A certain approach to parenting in the English-speaking world has us hovering over children, clearing all obstacles before them, agonising over the opportunities we’ve not given them, fretful of their future. The Bible seems altogether less anxious: “Start children off on the way they should go, and even when they are old they will not turn from it” (Proverbs 22:6).

We read that verse and immediately think of the exceptions. Some kids don’t keep following the Lord. And sometimes this is despite the best efforts of the parents. You really do need to just trust God with them at that point. The responsibility of parents is to do the bit God assigns to us: raising them from infancy to independence. Managing a kid’s relationship with God into adulthood is beyond your pay-grade. Focus on the role God gives you, and trust him with the rest.

There is such a thing as a bad father or mother. You can screw your kids up. But it’s harder to do than you think, and genuinely terrible parents are rarer than you think. The solution to bad parenting is adequate parenting. If the Lord gives you children one day, raising them is challenging, both physically and emotionally. But it’s not (as Kath and Kim put it) rocket surgery.

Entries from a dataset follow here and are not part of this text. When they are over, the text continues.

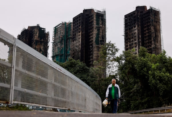 An elderly man walks next to burned buildings of the Wang Fuk Court housing complex after the deadly fire, in Tai Po, Hong Kong, on Sunday.Maxim Shemetov/Reuters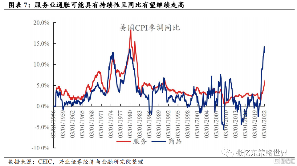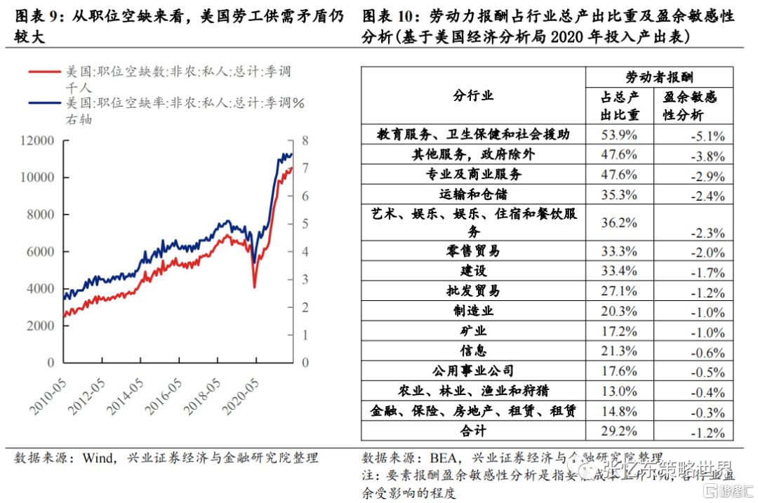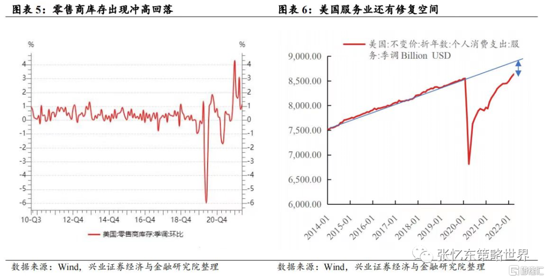 基于这种特殊性,美国经济仍在滞胀期。商品消费方面:1)商品消费或有因为财政脉冲高基数因素,随着财政退潮回落;2)今年以来的零售商持续累库,显示疫前疫后商品需求存在结构性变化,需要一段时间去库存。服务业方面,作为美国经济的压舱石,依然处于修复之中,也指向劳动力市场的强劲、服务业通胀可能具有持续性且同比有望继续走高。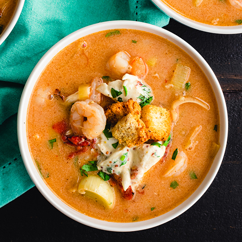 On commence en douceur avec notre Bisque de crevettes grises au Chèvre Frais Petit Billy. On vous l’accorde, ça ne sera probablement pas le plat préféré de vos enfants. Et bien dans ce cas c’est tant pis pour eux, cela vous donnera une excuse pour passer une soirée au calme.
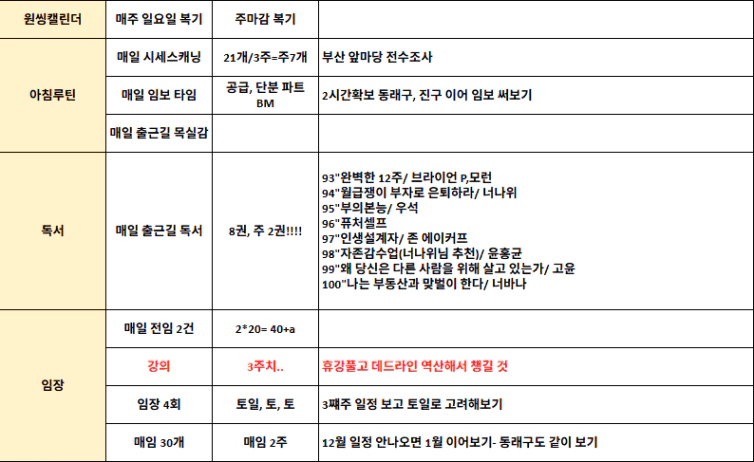 그래서 임장스케줄에 차질이 생겼지만, 그 다음주 매임은 일단 잡아보자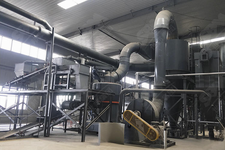 將物料破碎后連續均勻喂入磨粉機進行研磨,經分級機選粉后,符合細度標準的成品料在氣流作用下進入粉子收集階段。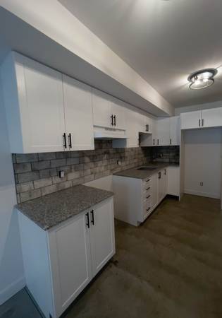 Studio rénové avec matériaux modernes : planchers en bambou, comptoirs en granite et céramique de porcelaine de haute qualité.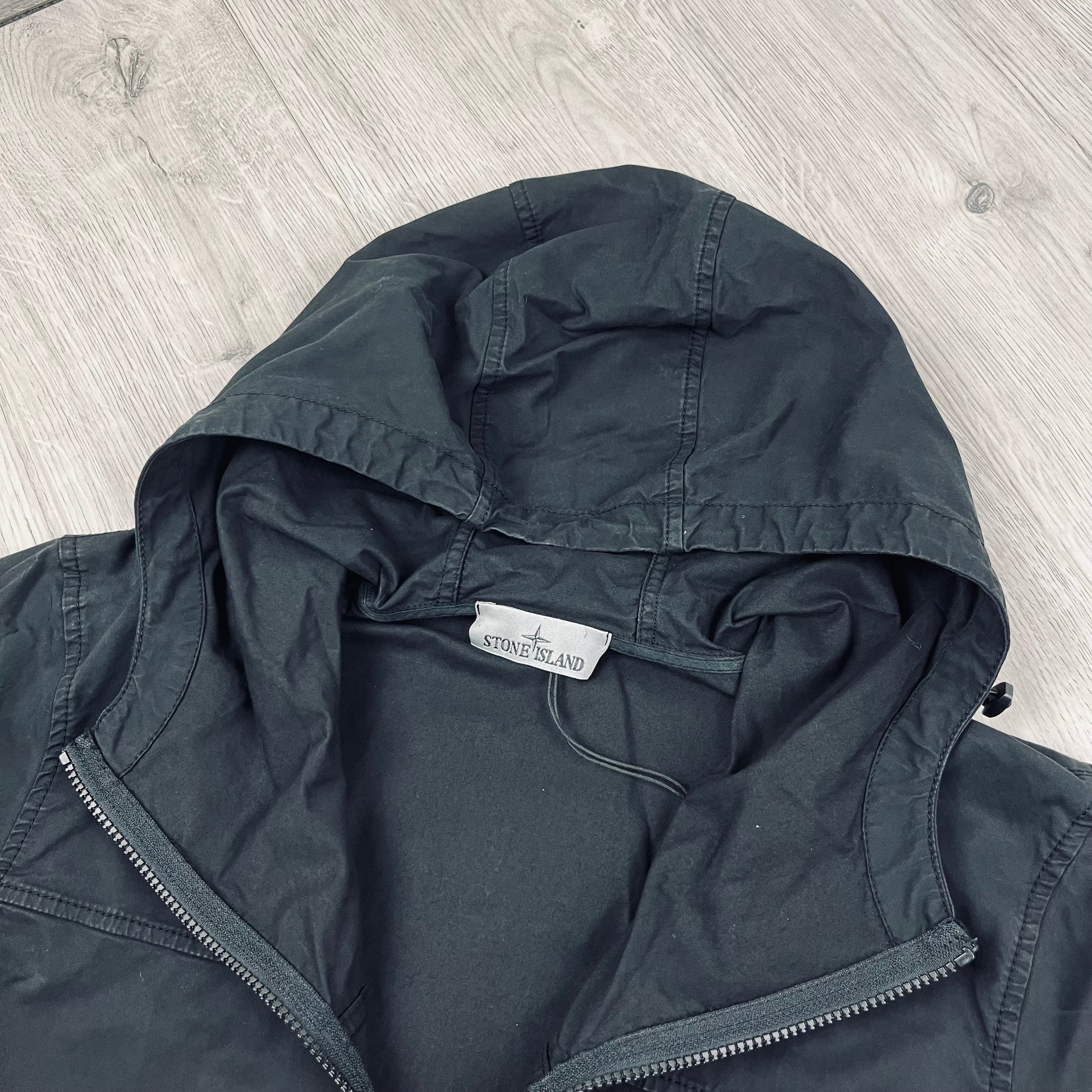 Men’s Stone Island Black garment dyed Supima cotton hooded overshirt with sleeve badge and chest pockets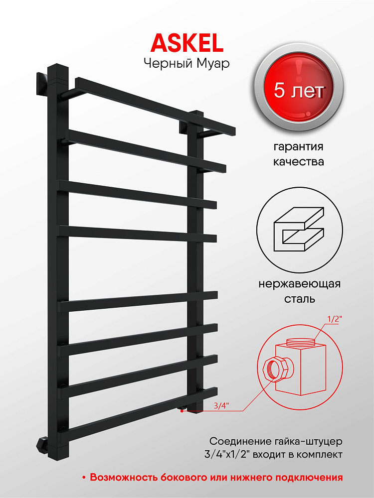Отзывы о Полотенцесушитель водяной Indigo Askel LASWPF80-50BR 85x55 см, черный муар, лесенка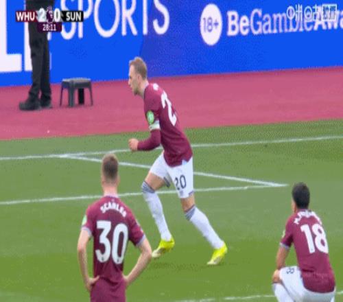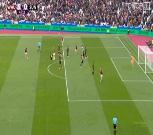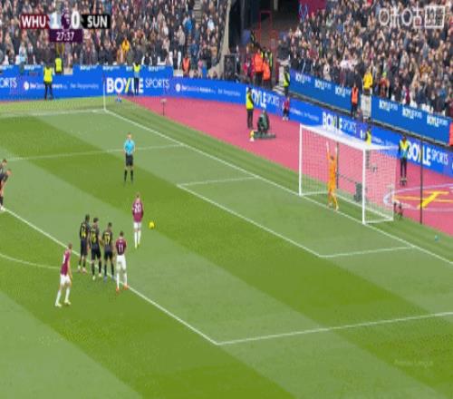 第28分鐘,斯卡萊斯造點,鮑恩主罰點球命中,西漢姆聯(lián)2-0桑德蘭

Feed them. Love them. Tell them you love them. Practice consistent mild discipline. Get them to church every Sunday, even in those years when getting there is hard for everyone. Read the Bible and pray with them regularly. And by “regularly” I reckon shoot for four or five nights of the week. We’ve found the goal of seven out of seven too hard, and guilt-inducing. We’re shooting for a Pass, not an A+. And don’t feel like you need to do a Bible study every time you open the Bible with them. Just reading and praying is fine. Teach them to say sorry, especially by being willing to say sorry yourself. Make sure they have other Christians in their lives, especially during the teenage years. Laugh with them. Laugh at yourself. Spend prodigal amounts of time with them. And then trust the Lord.

Thanks for reading, Penelope, and giving me an opportunity to gather my thoughts.